One example of this approach is Björklund, Jäntti & Solon (2005), who estimate sibling correlations in long-run earnings for nine different sibling types. The sibling types differ in two dimensions. First they differ in genetic similarity with MZ (identical) twins sharing the same genetic setup, DZ-twins and full biological sharing 50 percent, half siblings sharing 25 % and finally adoptive siblings having no genetic similarity. Second, they are divided into siblings reared apart and reared together. The nine sibling correlations estimated by Björklund, Jäntti & Solon (2005) reveal a general pattern that suggests that both genes and shared environment are important. Björklund, Jäntti & Solon then apply these estimated correlations to make a decomposition of earnings variation into one component representing genetic inheritance and another representing environmental influences that are shared by siblings. The best-fitting model suggested that these two components were equally important for earnings. However, since the sibling correlations clustered around 0.20 ­ somewhat lower than in Björklund et al. (2002) due to other age limits ­ non-shared environment was even more important than genes and shared environment.

Björklund, Lindahl & Plug (2006) extend the standard intergenerational model by using data on adopted children’s biological and adoptive parents in the same intergenerational equation. They found that both parents’ characteristics matter significantly and that their coefficients more or less add up to the coefficient for birth parents in equations for children raised by their birth parents. They found, however, a tendency for the biological mother’s education to be more important than the adoptive mother’s education, whereas the adoptive father’s income had a bigger impact than the biological father. The overall conclusion from the study is that both pre-birth factors ­ proxied by bio parents’ resources ­ and post-birth factors ­ proxied by adoptive parents’ resources ­ matter for intergenerational associations.

Björklund & Chadwick’s (2003) analysis is in the same spirit, but they estimate intergenerational father-son elasticities by time spent with the father. They find significant differences in expected direction, namely that the more time spent with the father the higher the estimated elasticities are. So the mechanisms behind intergenerational associations include time living with the father.

Two studies have also looked into the questions whether family associations vary by birth order and family size. If they would, theories of intergenerational mobility should be able to explain what it is in parental behaviour that creates such differences. Somewhat confusingly, but not necessarily in conflict with each other, Björklund et al.’s (2004) results show that sibling correlations are fairly similar for different family size, whereas Lindahl (2006), studying intergenerational elasticities, find a significant pattern such that the elasticities fall by birth order for larger families. More research is needed to figure out what is behind these results.

3.3. Causal effects
Studies with the explicit aim to get at causal effects ­ that is address the counterfactual question what would happen if some intervention would change a factor like parental education or income with some specific units ­ must be clearly distinguished from the more descriptive intergenerational mobility studies reported so far. There is, however, a very recent wave of studies that aim at disentangling the true causal effect of parental income or education on offspring. Three different methods have been used in this recent research. Plug (2004), for example, use data on adopted children and their adoptive parents to purge the intergenerational association from the genetic component that definitely must be considered a confounding factor if the purpose is to estimate the true causal effect of changes in parental income or education. Behrman & Rosenzweig (2002) use data on identical twins with different education to eliminate the influence of genetic inheritance and shared environment. Both Plug and Behrman & Rosenzweig use rather small US data sets. Finally, some studies have used “exogenous variation” in parental education generated by school reforms to estimate the causal impact of parental education on offspring’s outcomes; see Black, Devereux & Salvanes (2005) for a Norwegian study and Oreopoulus, Page & Stevens (2006) for a US one.

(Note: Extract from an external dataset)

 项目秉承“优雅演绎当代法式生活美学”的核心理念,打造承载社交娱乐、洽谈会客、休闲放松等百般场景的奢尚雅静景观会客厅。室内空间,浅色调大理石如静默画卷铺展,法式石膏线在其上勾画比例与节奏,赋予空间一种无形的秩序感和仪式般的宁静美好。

The first two of these methods can be applied on Swedish register data with the additional advantage that the sample size can be much larger. Björklund, Lindahl & Plug (2004) use data on all adoptees born in Sweden in the 1960s to pursue the adoption approach to this problem. They find that the intergenerational associations between parents and children who are related by adoptions are about half of those for own-birth children who were raised by their biological parents. Yet the estimates were significantly different from zero, suggesting that there are some causal effects of parental resources like income and education. To dig deeper into this causal question, Holmlund, Lindahl & Plug use Swedish register data to estimate the causal effect by means of all three methods used in recent international research on the same, large data set. A Swedish school reform implemented experimentally during the 1940s and 1950s is exploited to get exogenous variation in parental education. Their main conclusion is that the results depend on method and thus that the different results in previous studies are not due to their using using different data sets. It remains a challenge for future research to find out why the three different methods yield different results.

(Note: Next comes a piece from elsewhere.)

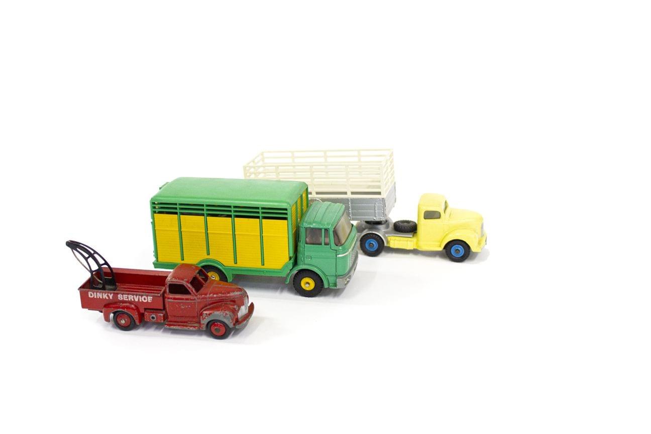 Une bétaillère Berliet CAK (577), un camion semi-remorque Commer et un camion dépannage avec chèvre Dinky service, L de 10 à 17 cm

Register data with family connections have also been used in a series of other studies of causal effects. In particular, the technique to relate sibling-differences in an outcome of interest, say income or educational attainment, to sibling differences in “events” like parental separation or school choice have been used in several different ways. The idea behind this approach is that siblings share quite many traits that are unobserved for the researcher so a sibling-difference approach can control for confounding factors that a conventional cross-sectional regression analysis cannot control for. When only typical survey data sets are available, however, the sample sizes of siblings who have experienced different events or made different choices are very small. Thus, large data sets that are obtained from nation-wide registers are crucial for a meaningful application of this research approach.

Björklund & Sundström (2007) apply this technique on the question whether parental divorce has a detrimental effect on children’s educational attainement. They compare the educational attainment of older siblings, who had moved out of their parents’ home when the separation occurred, with younger siblings who experienced the separation more directly. They did not find any significant educational differences among such siblings. Björklund, Ginther & Sundström (2007) examine the relationships between childhood family structure and subsequent earnings and educational attainment in Sweden and the United States. They also run sibling-difference models to test for causal effects of growing up in different types of families. They find surprisingly small differences between the two countries despite the differences in social policies.

Holmlund (2005) addresses the common issue whether teenage childbearing has an impact on women’s educational attainment. The register data allow her to compare the sibling-difference approach, which has been applied in influential US research, with a model that controls for grade-point averages at age 16. She finds that sisters who have a child as a teenager have lower grades at age 16 than their sisters who do not have a child as a teenager. This result suggests that the sibling-difference model for applications like these would benefit from additional information like sibling-difference information on grades.

Other recent applications of this research approach on Swedish register data involve topics such as the return to different college types (Lindahl & Regnér 2005), the impact of age at immigration for children’s school achievement (Böhlmark 2005), the scar effects of youth unemployment (Nordström Skans 2004), and inter-industry wage differentials (Björklund et al. 2007).

 

4. Prospects for future research

Statistics Sweden’s registers have turned out to be a gold mine for Swedish researchers who now very actively exploit these data sources. In this paper, I have focused on studies, using such data, of the importance of family background for income and education during adult life. Other labor economists have used the opportunity to match employer-employee data by registers. Several studies of unemployment and labor market policy have exploited the opportunity to merge SCB’s register data with the National Labour Market Board’s data on registered unemployed’s job search and their program participation; e.g., Nordström Skans (2004) mentioned above. Yet other researchers have used data from hospitals and mortality data for medical research topics. Presently, much research output is coming out of these efforts and much more can be expected in the next couple of years when new generations of researchers have learnt to exploit this valuable research resource. A similar development with more and more access to register information is taking place in the other Nordic countries; see for example Roed and Raaum (2003).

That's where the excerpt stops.